Вот и теперь, отвязывая лодчонку от дерева, Захар мысленно сказал те же слова и опять подосадовал на себя, вдруг пришло на память нечто из недавней поры если и не поломавшее его жизни, то повернувшее её к чему-то несвычному. А было так. Сидел тогда за кухонным столом у соседа, потягивал помаленьку из гранёного стакана, никуда не поспешая (старуха-то у Хворова надысь уехала в райцентр, сказала, чтоб не ждали её нынче, заночует у старой приятельницы) водочку местного производства. В магазин-то теперь не сунешься, цены там сумасшедшие. Ему ли, у кого дырка в кармане, иль Митрию тягаться с ними? «Да пошли они все к едрене Фене. Мы чего другого сыщем, не первый год живём на земле». Порешили так-то и сыскали чего ни то подешевле. И теперь сидели и, чем дольше, тем чаще подносили ко рту стаканы и всё больше косели. А когда и вовсе в голове сделалось смурно, на сердце свычно с душевной природой пала печаль-тоска. Захара потянуло на берег. Митрий не захотел отстать от приятеля и, ловко орудуя костылём, поскакал птицей-подранком следом за ним.

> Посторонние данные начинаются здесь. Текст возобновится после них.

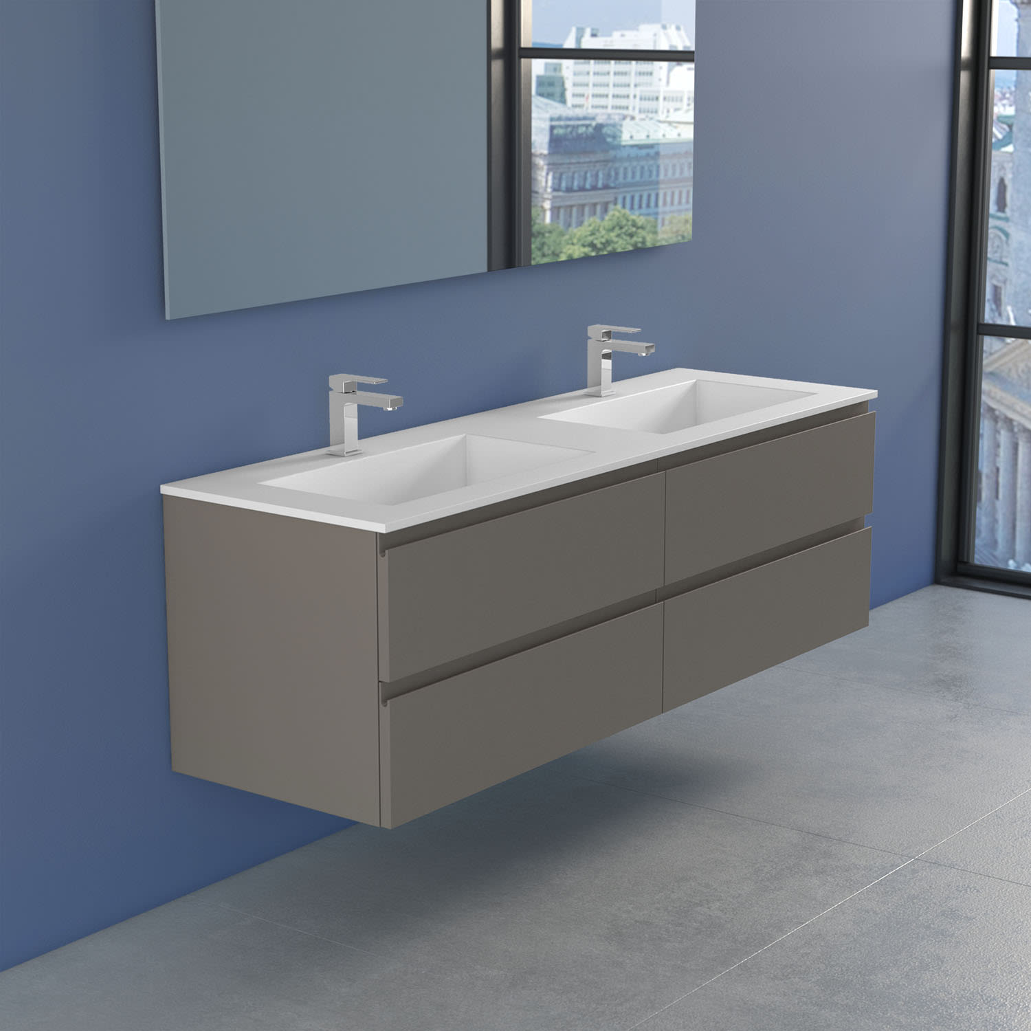 Stresa +Lago Badmöbel mit modernem und minimalistischem Design, erhältlich in vier matt lackierten Farben (weiß, schwarz, cappuccino und grau), Fronten in MDF Stärke 22 mm, mit Griffmulde und Schubladen mit Soft Closing.Waschbecken Lago 160 in Solid Matt White.

Когда ж добрались до тупорылого камня, обросшего тёмно-рыжим мхом, на котором сиживали не однажды, с лёту упали на него и вытянули ослабевшие ноги. А время годя Захар, не сразу сообразив, с чего бы вдруг, хрипло и задышливо затянул:
Славное море – священный Байкал,
Славный корабль – омулёвая бочка.
Эй, Баргузин, пошевеливай вал,
Молодцу плыть недалечко…
Митрий не мешкая подхватил песню и тут же запамятовал про всё на свете, точно бы никого нынче рядом с ним не было, кроме бродяги, вознамерившегося переплыть Байкал в омулёвой бочке. Понятное дело, задумка не ахти какая: небось первый же ветер сковырнёт бочку с волны, и тогда поминай как звали. Митрию было жаль бродягу. Но чем он мог помочь ему?.. Странно, что нынче думал так. Знал же, что тот переплывёт Байкал и на другом берегу повстречает матушку. Знал, а переживал. Одно успокаивало, что пловец был не из робких, ведь обманул же царёвых слуг, обвёл их вокруг пальца. И почуял волю. Славно-то как! Теперь всё в его власти. А коль повезёт, то и на морскую волну найдёт управу.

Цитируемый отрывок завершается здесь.